Could you print the listing again exactly, omitting the pictures?

Stored data |
★ ★ ★ ★ ★ ★ ★

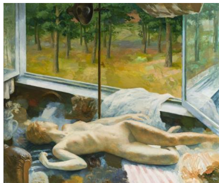
Foto 6: Tüdruk avatud akna all (EKM j 38405 M 6366); Eesti Kunstimuuseum SA; EKM38405_M06366_Subbi_O_Tüdruk_avatud_akna_all_ODS1178_t.jpg

Aktimaalija Olev Subbi 1977.aasta maal “Tüdruk avatud akna all”(Lisa 6) on tehtud temperatehnikas ning kujutab noort ilusat naist, kes oli mitmete tema maalide peategelane. Peale naiskuvandi on teosel kujutatud mitmeid eri kõrvalmotiive, jättes mulje, et tal ei lubata maalil üksi domineerida. Samuti esinevad maalil kunstniku tunnusmotiivid: suvepäev ja päevavalgus. 69
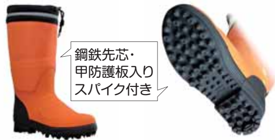
鋼鉄先芯・ 甲防護板入り スパイク付き

★ ★ ★ ★ ★ ★ ★

Exercise output |
Foto 6: Tüdruk avatud akna all (EKM j 38405 M 6366); Eesti Kunstimuuseum SA; EKM38405_M06366_Subbi_O_Tüdruk_avatud_akna_all_ODS1178_t.jpg

Aktimaalija Olev Subbi 1977.aasta maal “Tüdruk avatud akna all”(Lisa 6) on tehtud temperatehnikas ning kujutab noort ilusat naist, kes oli mitmete tema maalide peategelane. Peale naiskuvandi on teosel kujutatud mitmeid eri kõrvalmotiive, jättes mulje, et tal ei lubata maalil üksi domineerida. Samuti esinevad maalil kunstniku tunnusmotiivid: suvepäev ja päevavalgus. 69
鋼鉄先芯・ 甲防護板入り スパイク付き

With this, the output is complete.